Enhancing Information Retrieval through
Statistical Natural Language Processing: A Study of
Collocation Indexing
Ofer Arazy and Carson Woo
Abstract
Although the management of information assets—specifically, of text
documents that make up 80 percent of these assets—can provide
organizations with a competitive advantage, the ability of
information retrieval (IR) systems to deliver relevant information
to users is severely hampered by the difficulty of disambiguating
natural language. The word ambiguity problem is addressed with
moderate success in restricted settings, but continues to be the
main challenge for general settings, characterized by large,
heterogeneous document collections.
In this paper, we provide preliminary evidence for the usefulness
of statistical natural language processing (NLP) techniques, and
specifically of collocation indexing, for IR in general settings. We
investigate the effect of three key parameters on collocation
indexing performance: directionality, distance, and weighting.
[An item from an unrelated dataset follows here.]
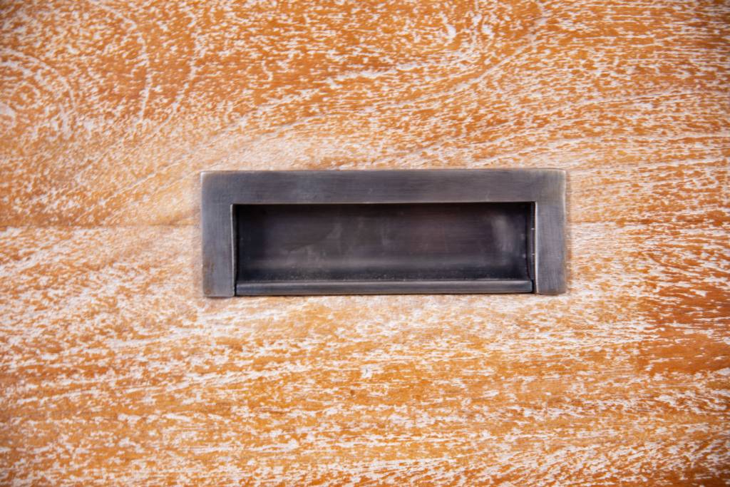 Elevate your living space with our Provincial TV Unit 1700. The French provincial style and sturdy baluster leg create a timeless charm. Crafted from durable mango wood, each piece boasts a unique character with natural grains and knots. Industrial metal corners and recessed handles add a bold touch while the solid drawer boxes and adjustable hinges ensure practicality.

We
build on previous work in IR to (1) advance our knowledge of key
design elements for collocation indexing, (2) demonstrate gains in
retrieval precision from the use of statistical NLP for
general-settings IR, and, finally, (3) provide practitioners with a
useful cost-benefit analysis of the methods under investigation.
Keywords: Document
management, information retrieval (IR), word ambiguity, natural
language processing (NLP), collocation, distance, directionality,
weighting, general settings